● **Try it**
Write out the records that appear below, verbatim and complete, but without pictures.

● **Material for this task**
- Opening Delimiter -
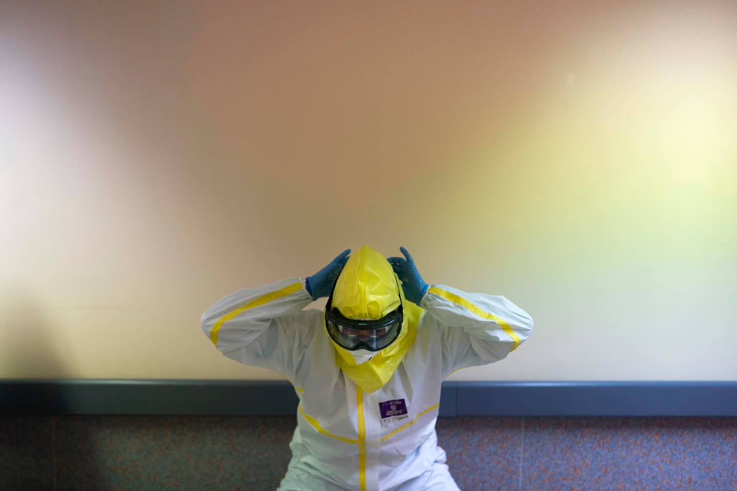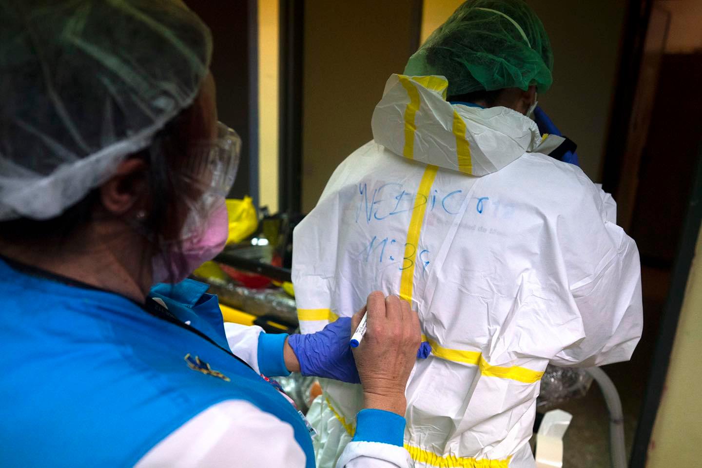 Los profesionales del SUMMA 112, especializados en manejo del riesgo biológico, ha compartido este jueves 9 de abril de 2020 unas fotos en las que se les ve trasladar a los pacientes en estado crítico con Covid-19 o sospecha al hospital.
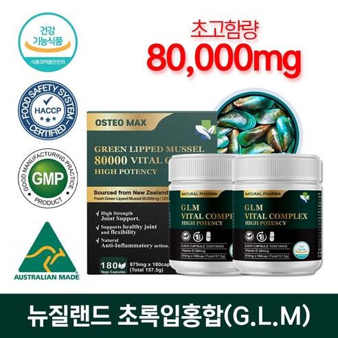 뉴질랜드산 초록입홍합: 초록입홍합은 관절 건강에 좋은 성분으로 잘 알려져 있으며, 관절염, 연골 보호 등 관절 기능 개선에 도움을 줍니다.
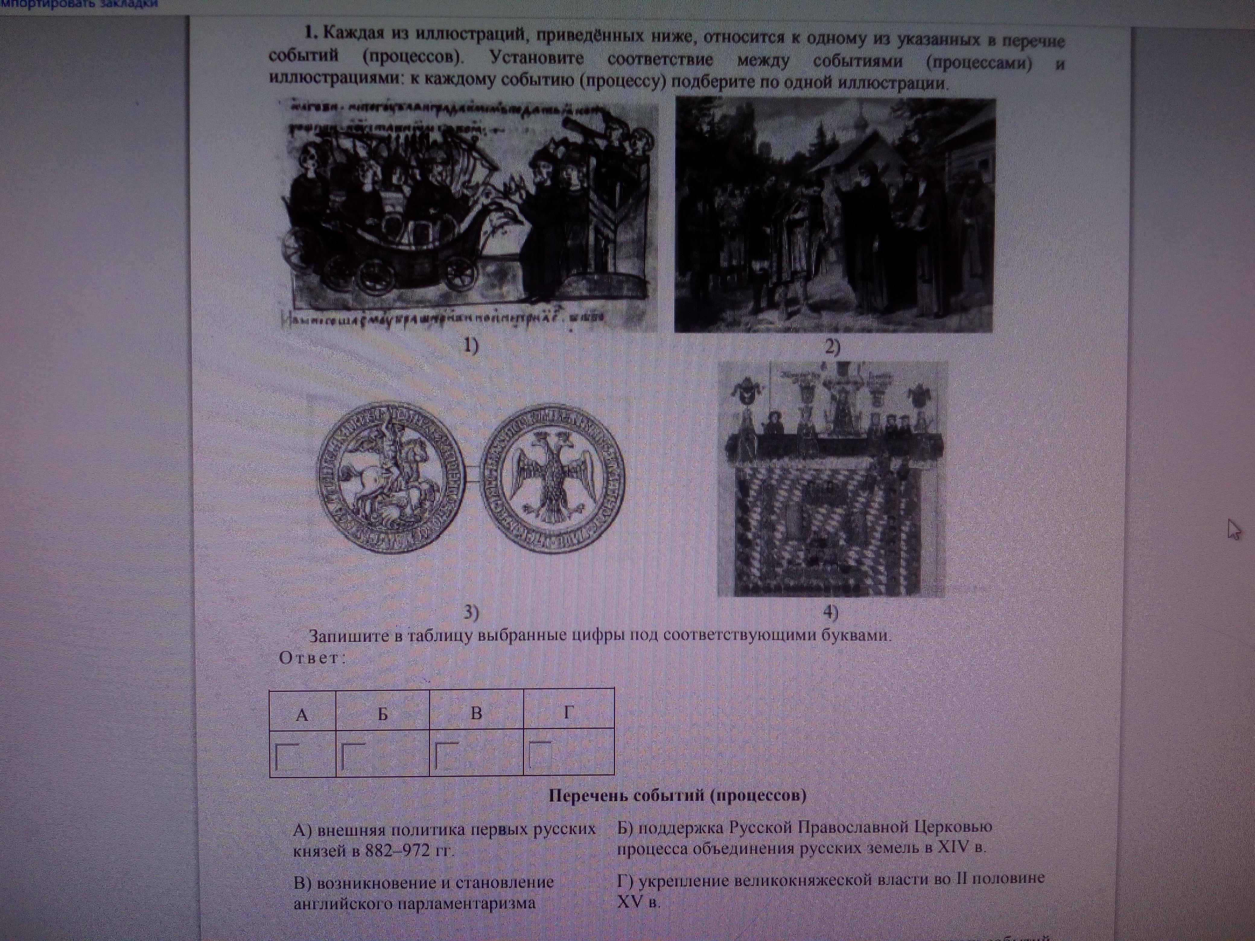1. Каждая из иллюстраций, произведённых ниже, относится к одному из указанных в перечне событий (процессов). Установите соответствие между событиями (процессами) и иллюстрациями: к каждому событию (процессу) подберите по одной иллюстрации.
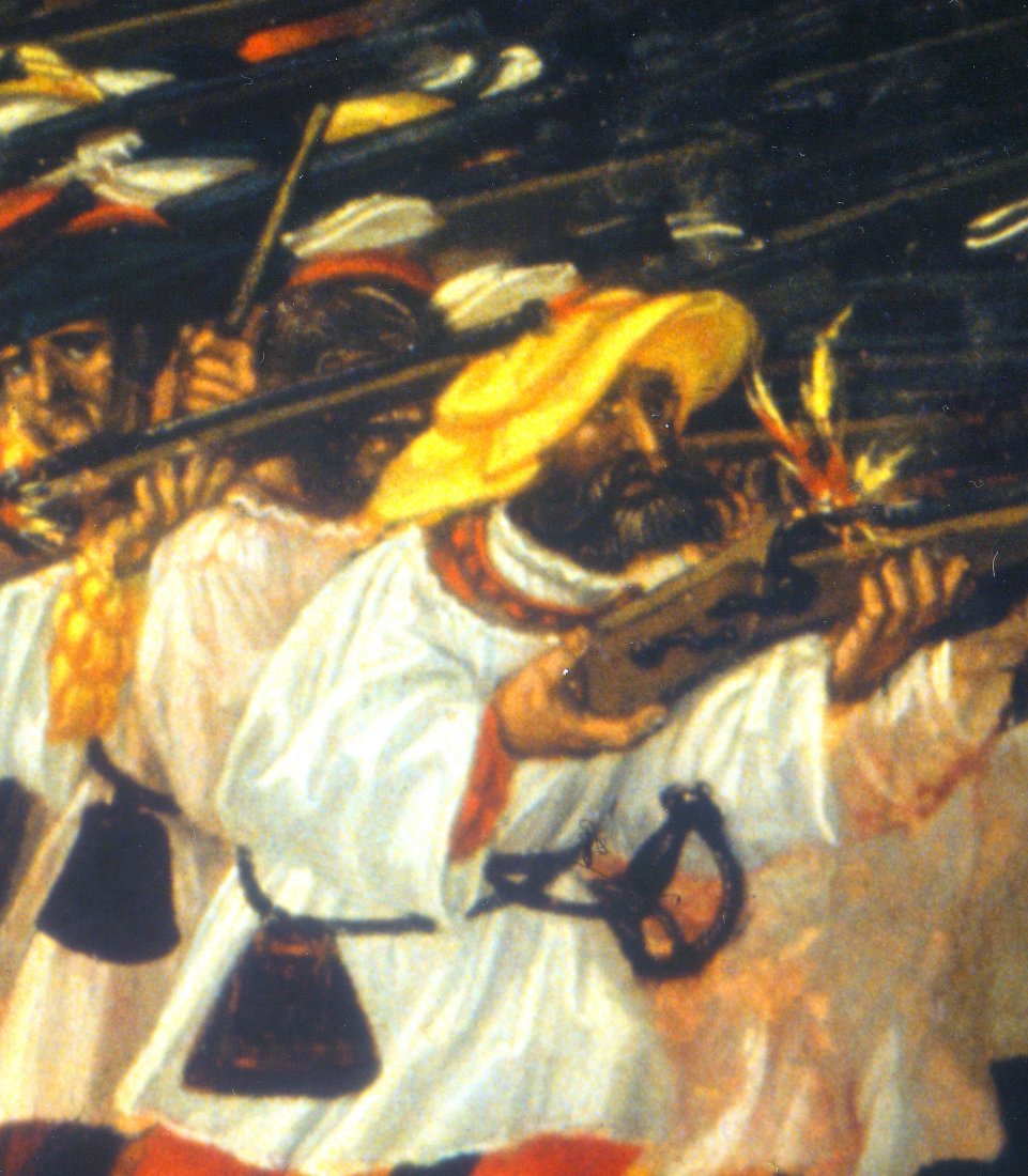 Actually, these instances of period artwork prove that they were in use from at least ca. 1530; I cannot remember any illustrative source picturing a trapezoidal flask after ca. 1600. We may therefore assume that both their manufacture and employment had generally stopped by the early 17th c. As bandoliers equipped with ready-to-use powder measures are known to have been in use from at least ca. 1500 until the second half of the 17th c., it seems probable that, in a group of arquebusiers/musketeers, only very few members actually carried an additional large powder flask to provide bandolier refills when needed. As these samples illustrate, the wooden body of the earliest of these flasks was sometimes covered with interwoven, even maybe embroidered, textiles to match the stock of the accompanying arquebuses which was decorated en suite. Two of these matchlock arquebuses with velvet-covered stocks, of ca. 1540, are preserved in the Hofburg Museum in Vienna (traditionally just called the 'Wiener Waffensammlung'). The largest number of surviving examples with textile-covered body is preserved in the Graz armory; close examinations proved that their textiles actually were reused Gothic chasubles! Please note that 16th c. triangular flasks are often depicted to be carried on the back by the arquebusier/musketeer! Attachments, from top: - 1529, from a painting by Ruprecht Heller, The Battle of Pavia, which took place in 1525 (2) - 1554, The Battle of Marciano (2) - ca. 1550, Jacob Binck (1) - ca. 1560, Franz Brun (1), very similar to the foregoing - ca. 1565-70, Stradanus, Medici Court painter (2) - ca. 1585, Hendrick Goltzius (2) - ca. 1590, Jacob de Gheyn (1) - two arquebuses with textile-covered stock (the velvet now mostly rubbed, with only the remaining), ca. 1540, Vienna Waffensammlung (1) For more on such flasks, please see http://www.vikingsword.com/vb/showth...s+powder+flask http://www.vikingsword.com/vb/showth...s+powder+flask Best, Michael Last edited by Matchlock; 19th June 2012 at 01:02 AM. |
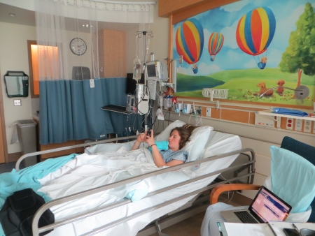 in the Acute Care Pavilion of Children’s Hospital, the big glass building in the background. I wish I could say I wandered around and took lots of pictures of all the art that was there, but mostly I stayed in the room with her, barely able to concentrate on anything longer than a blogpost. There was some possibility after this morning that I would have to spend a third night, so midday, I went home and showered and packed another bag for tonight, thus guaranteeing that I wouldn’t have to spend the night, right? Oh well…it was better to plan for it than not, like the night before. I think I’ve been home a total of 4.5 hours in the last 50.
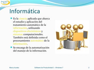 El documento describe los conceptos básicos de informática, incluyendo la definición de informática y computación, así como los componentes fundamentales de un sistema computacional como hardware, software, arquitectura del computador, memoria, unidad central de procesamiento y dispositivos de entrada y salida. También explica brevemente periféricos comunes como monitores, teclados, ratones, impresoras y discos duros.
- Closing Delimiter -
● **Exercise result**
 Los profesionales del SUMMA 112, especializados en manejo del riesgo biológico, ha compartido este jueves 9 de abril de 2020 unas fotos en las que se les ve trasladar a los pacientes en estado crítico con Covid-19 o sospecha al hospital.
 뉴질랜드산 초록입홍합: 초록입홍합은 관절 건강에 좋은 성분으로 잘 알려져 있으며, 관절염, 연골 보호 등 관절 기능 개선에 도움을 줍니다.
1. Каждая из иллюстраций, произведённых ниже, относится к одному из указанных в перечне событий (процессов). Установите соответствие между событиями (процессами) и иллюстрациями: к каждому событию (процессу) подберите по одной иллюстрации.
 Actually, these instances of period artwork prove that they were in use from at least ca. 1530; I cannot remember any illustrative source picturing a trapezoidal flask after ca. 1600. We may therefore assume that both their manufacture and employment had generally stopped by the early 17th c. As bandoliers equipped with ready-to-use powder measures are known to have been in use from at least ca. 1500 until the second half of the 17th c., it seems probable that, in a group of arquebusiers/musketeers, only very few members actually carried an additional large powder flask to provide bandolier refills when needed. As these samples illustrate, the wooden body of the earliest of these flasks was sometimes covered with interwoven, even maybe embroidered, textiles to match the stock of the accompanying arquebuses which was decorated en suite. Two of these matchlock arquebuses with velvet-covered stocks, of ca. 1540, are preserved in the Hofburg Museum in Vienna (traditionally just called the 'Wiener Waffensammlung'). The largest number of surviving examples with textile-covered body is preserved in the Graz armory; close examinations proved that their textiles actually were reused Gothic chasubles! Please note that 16th c. triangular flasks are often depicted to be carried on the back by the arquebusier/musketeer! Attachments, from top: - 1529, from a painting by Ruprecht Heller, The Battle of Pavia, which took place in 1525 (2) - 1554, The Battle of Marciano (2) - ca. 1550, Jacob Binck (1) - ca. 1560, Franz Brun (1), very similar to the foregoing - ca. 1565-70, Stradanus, Medici Court painter (2) - ca. 1585, Hendrick Goltzius (2) - ca. 1590, Jacob de Gheyn (1) - two arquebuses with textile-covered stock (the velvet now mostly rubbed, with only the remaining), ca. 1540, Vienna Waffensammlung (1) For more on such flasks, please see http://www.vikingsword.com/vb/showth...s+powder+flask http://www.vikingsword.com/vb/showth...s+powder+flask Best, Michael Last edited by Matchlock; 19th June 2012 at 01:02 AM. |
 in the Acute Care Pavilion of Children’s Hospital, the big glass building in the background. I wish I could say I wandered around and took lots of pictures of all the art that was there, but mostly I stayed in the room with her, barely able to concentrate on anything longer than a blogpost. There was some possibility after this morning that I would have to spend a third night, so midday, I went home and showered and packed another bag for tonight, thus guaranteeing that I wouldn’t have to spend the night, right? Oh well…it was better to plan for it than not, like the night before. I think I’ve been home a total of 4.5 hours in the last 50.
 El documento describe los conceptos básicos de informática, incluyendo la definición de informática y computación, así como los componentes fundamentales de un sistema computacional como hardware, software, arquitectura del computador, memoria, unidad central de procesamiento y dispositivos de entrada y salida. También explica brevemente periféricos comunes como monitores, teclados, ratones, impresoras y discos duros.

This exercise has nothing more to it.